Boletim – Que aprendizados ficam?
Alexandre Lima – A expectativa das famílias para vender sementes é grande. O potencial para ampliar a aquisição de sementes também. Além disso, as análises de pureza, germinação e vigor feitas pelos laboratórios credenciados pelo MAPA confirmaram a qualidade das sementes crioulas. São sementes que estão dentro dos mesmos parâmetros que as sementes que as empresas fornecem. Não deixam nada a desejar em relação àquilo que as empresas fazem. Isso está demonstrado. Vamos continuar com esse Programa. Novo edital para compra pública de sementes será lançado este ano. Também vamos continuar trabalhando com a ideia de que cada território produz a sua semente. É uma espécie de circuito curto, porque as variedades cultivadas em cada território são diferentes. As sementes são distribuídas nos próprios territórios onde foram produzidas. Não são levadas de um território para outro.
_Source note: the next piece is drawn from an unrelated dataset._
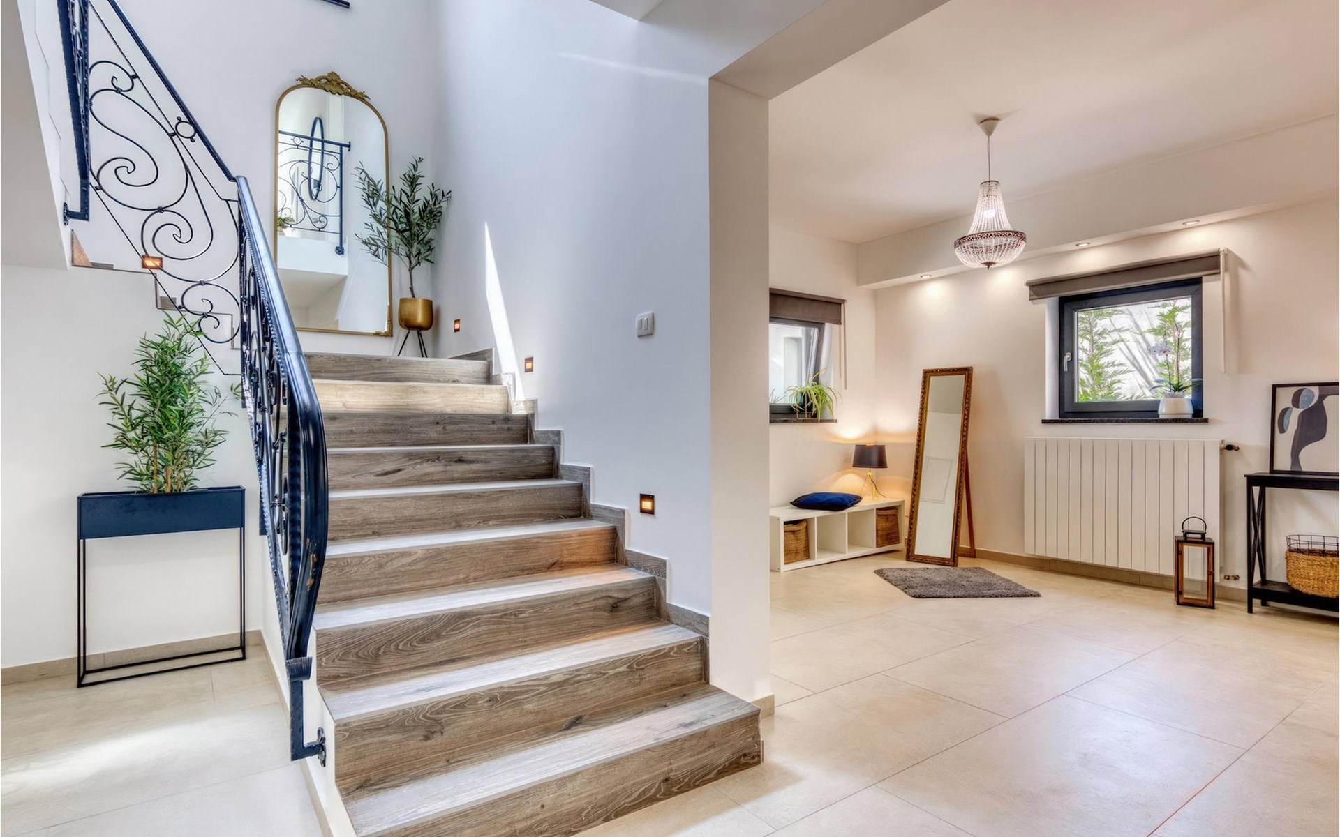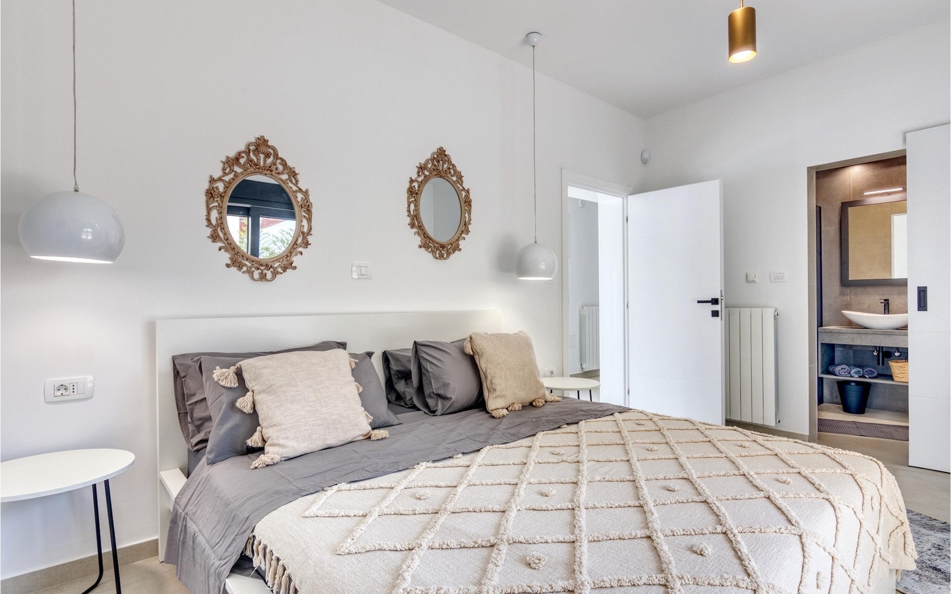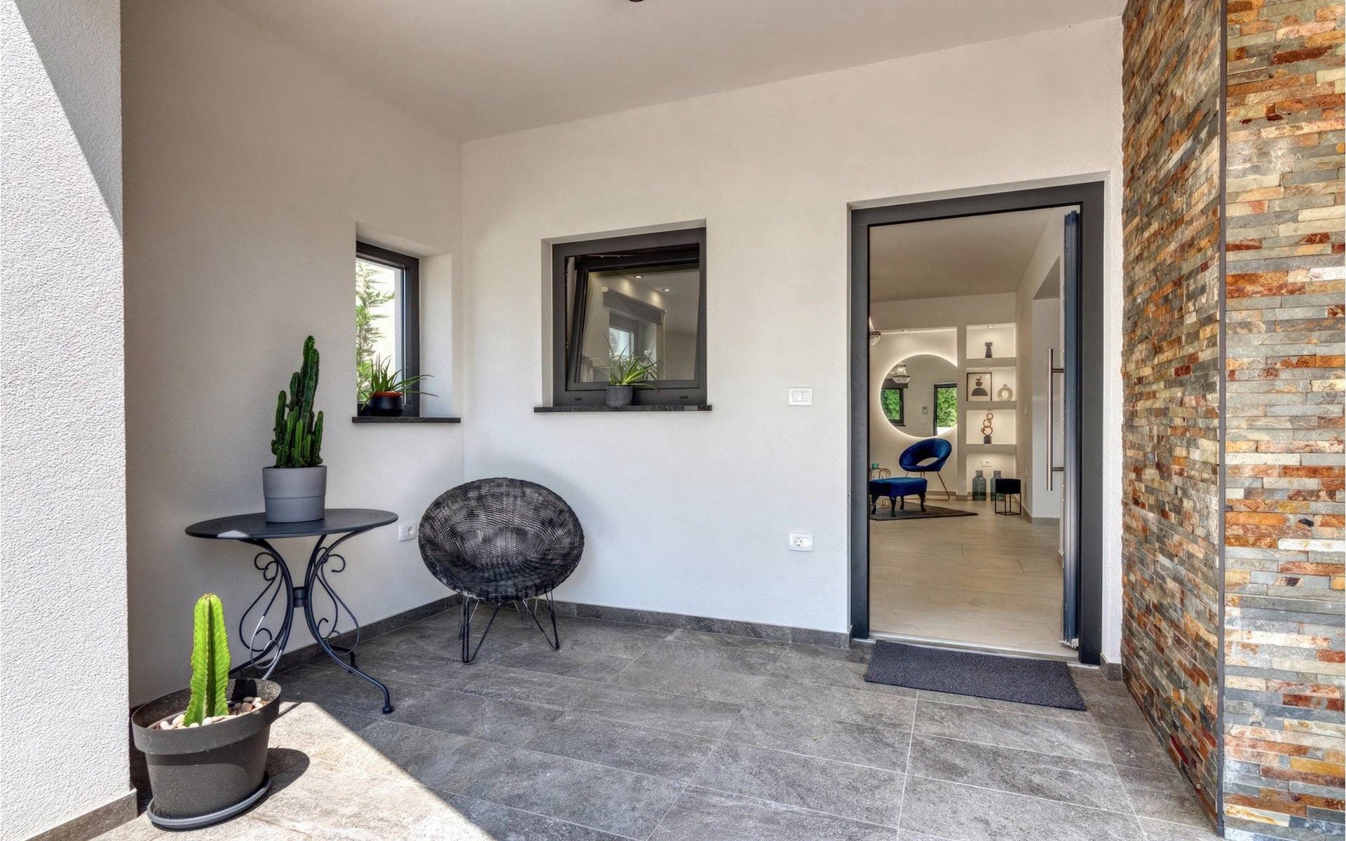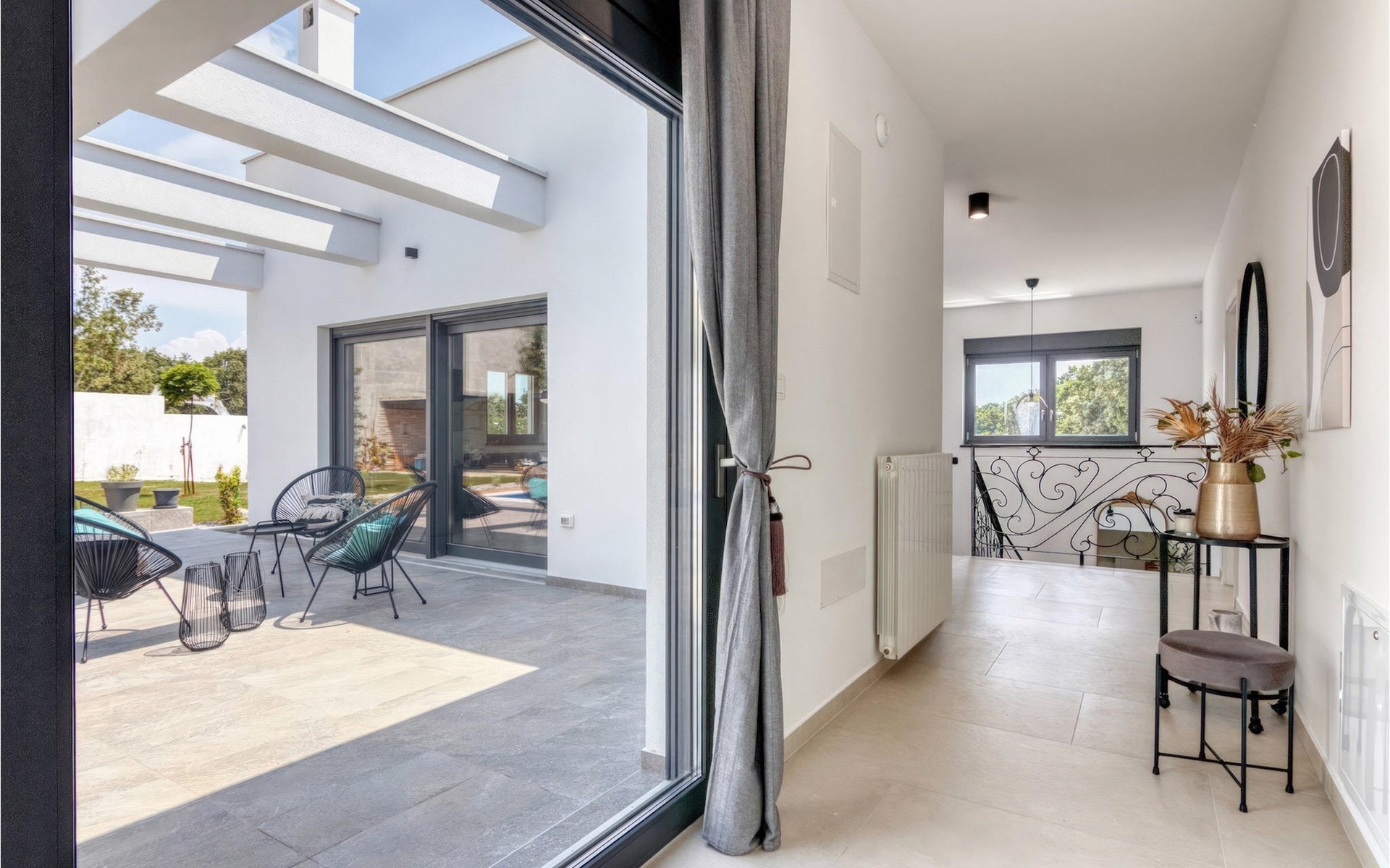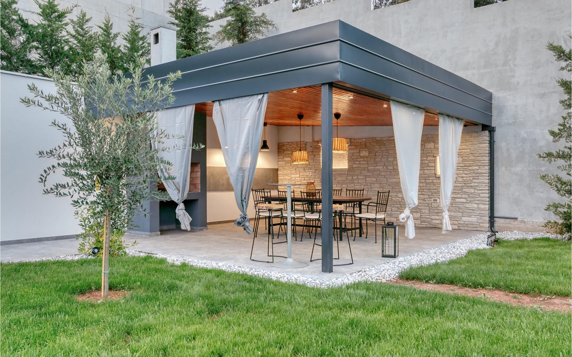 Villa Design M ist eine wunderschöne Villa mit modernem Design in der Nähe von Pula. Die Villa verfügt über einen komplett eingezäunten Garten, sodass Sie während Ihres Urlaubs absolute Privatsphäre genießen können. Vor der Villa befindet sich ein wunderschöner Pool von 36 m2, umgeben von viel Grün. Erfrischen Sie sich darin während der Sommerhitze. Schaffen Sie unvergessliche Erinnerungen durch geselliges Beisammensein im überdachten Bereich am Pool. Ganz am Eingang der Villa befindet sich der erste entspannende Raum mit viel Tageslicht, einem Doppelbett und einem eigenen Badezimmer. Im Erdgeschoss der Villa gibt es auch eine Waschküche. Treppen mit Spiralmotiven wirken edel und verbinden das Erdgeschoss mit dem ersten Stock. Im ersten Stock befinden sich drei komfortable Schlafzimmer mit Doppelbetten und eigenem Bad. Auf dieser Etage befindet sich eine voll ausgestattete Küche, die alles für die Zubereitung köstlicher traditioneller Gerichte wie schwarzes Risotto oder Brudet bietet. Verbringen Sie Zeit in angenehmer Atmosphäre im Esszimmer oder Wohnzimmer im ersten Stock der Villa. Verpassen Sie nicht einen Urlaub in der Villa Design M und gönnen Sie sich ein istrisches Abenteuer in Pjescana uvala. Pjescana uvala ist ein Dorf südlich von Pula in der Gemeinde Medulin. Es ist bekannt für seinen wunderschönen Sand- und Kiesstrand, ideal für einen ganztägigen Aufenthalt im Freien mit Familie oder Freunden in mediterraner Atmosphäre. Entlang der Küste gibt es zahlreiche ausgezeichnete gastronomische Einrichtungen und verschiedene touristische Einrichtungen, die Sie unbedingt besuchen sollten. Verpassen Sie nicht, den Waldpark Soline zu besuchen, der für seinen Steineichenwald, einen wunderschönen Aussichtspunkt mit Blick auf die istrischen Inseln und die blaue Adria sowie die Bildungs- und Freizeitpromenade bekannt ist, die zum ältesten Steinbruch Istriens führt. Der Brijuni-Nationalpark mit seinem beliebten Safaripark ist ein Muss. Nur 6 km von Pjescana uvala entfernt liegt Pula, die größte Stadt Istriens, wo Sie die Pula-Arena, den Augustus-Tempel, das Goldene Tor und viele andere kulturelle und historische Denkmäler besichtigen können. Die Temperatur des beheizten Schwimmbades hängt von äußeren Faktoren, einschließlich der Wetterbedingungen, ab und daher kann die Wassertemperatur nicht garantiert werden.

Ivi Dantas – O principal aprendizado foi a construção coletiva entre sociedade civil e poder público. Isso precisa ser reconhecido e valorizado, especialmente quando lutamos tanto para a construção conjunta das políticas públicas. Tivemos várias organizações envolvidas, a Coofarn, instituição compradora, é uma cooperativa central que comprava de outras cooperativas menores. Isso demonstra a fortaleza da política. É muito importante também que as políticas garantam participação mínima das mulheres, porque seu trabalho nos roçados ainda é muito invisibilizado. Há uma narrativa muito forte de que semente não é o que você tem, mas o que você compra. É a ideia da produtividade. Pra enfrentar isso, é fundamental o envolvimento das pessoas nas comunidades para entender os sentimentos de cada um e a importância da manutenção e do resgate das sementes.